Voegele Andreas F, Jerković Lidija, Wellenzohn Bernd, Eller Patricia, Kronenberg Florian, Liedl Klaus R, Dieplinger Hans
Vitateq Biotechnology GmbH, Innsbruck, Austria.
Biochemistry. 2002 Dec 10;41(49):14532-8. doi: 10.1021/bi026513v.
Human plasma afamin, the fourth member of the albumin gene family, is shown to be a specific binding protein for vitamin E. A radio ligand-binding assay followed by Scatchard and Hill analysis are used to show that afamin has a binding affinity for both alpha-tocopherol and gamma-tocopherol, two of the most important forms of vitamin E, in vitro. The binding-dissociation constant was determined to be 18 microM, indicating that afamin plays a role as vitamin E carrier in body fluids such as human plasma and follicular fluid under physiological conditions. Additionally, we demonstrate that afamin has multiple binding sites for both alpha- and gamma-tocopherol. Due to the large binding capacity of afamin for vitamin E, it might take over the role of vitamin E transport in body fluids under conditions where the lipoprotein system is not sufficient for vitamin E transport. To confirm the experimental results, we performed homology modeling and docking calculations on the predicted tertiary structure, which showed coincidence between calculated and in vitro results.

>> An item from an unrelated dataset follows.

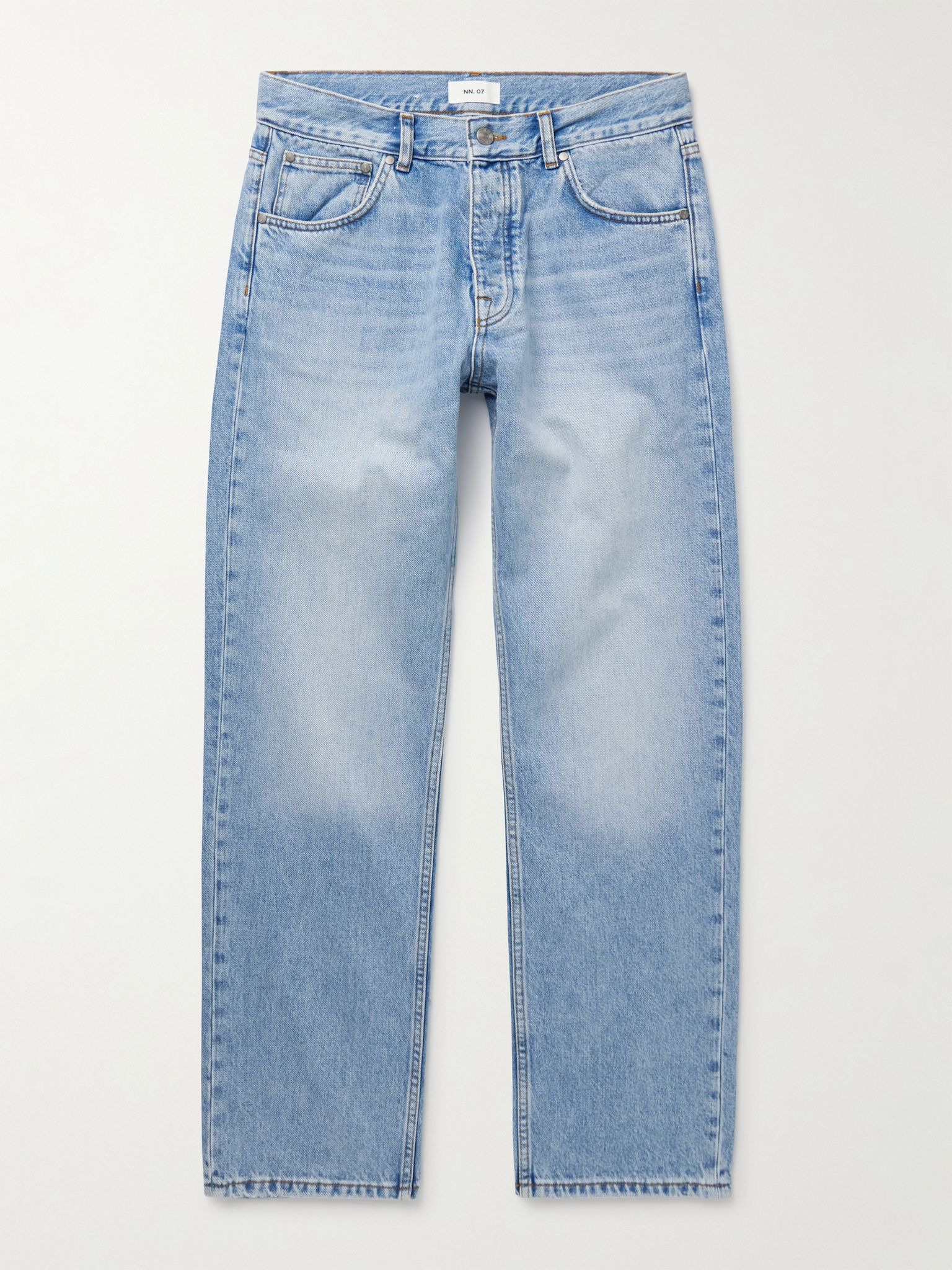 NN07's 'Sonny 1882' jeans are made from cotton that's organically grown without the use of pesticides or synthetic fertilisers. They're cut in a relaxed shape with straight legs and finished with the brand's leather patch on the back waistband. Team yours with loafers and one of the brand's shirts or cardigans. Lower Impact Materials. This product is made using at least 50% lower-impact materials or ingredients. Find out more about our Consciously Crafted criteria here. Size & Fit - Fits true to size. Take your normal size - Relaxed-straight leg, mid-rise style - Mid-weight, non-stretchy fabric - Model is shown wearing a 32W 32L - Model measures: waist size 32, height 6'1"/ 185cm Details & Care - Light-blue organic denim - Button fastenings - 100% organic cotton - Machine wash

人血浆α-甲胎蛋白是白蛋白基因家族的第四个成员,被证明是维生素E的特异性结合蛋白。采用放射性配体结合试验,随后进行Scatchard和Hill分析,以表明α-甲胎蛋白在体外对α-生育酚和γ-生育酚(维生素E的两种最重要形式)具有结合亲和力。结合解离常数测定为18微摩尔,表明在生理条件下,α-甲胎蛋白在诸如人血浆和卵泡液等体液中作为维生素E载体发挥作用。此外,我们证明α-甲胎蛋白对α-和γ-生育酚都有多个结合位点。由于α-甲胎蛋白对维生素E具有较大的结合能力,在脂蛋白系统不足以进行维生素E转运的情况下,它可能会接管体液中维生素E转运的作用。为了证实实验结果,我们对预测的三级结构进行了同源建模和对接计算,结果显示计算结果与体外实验结果相符。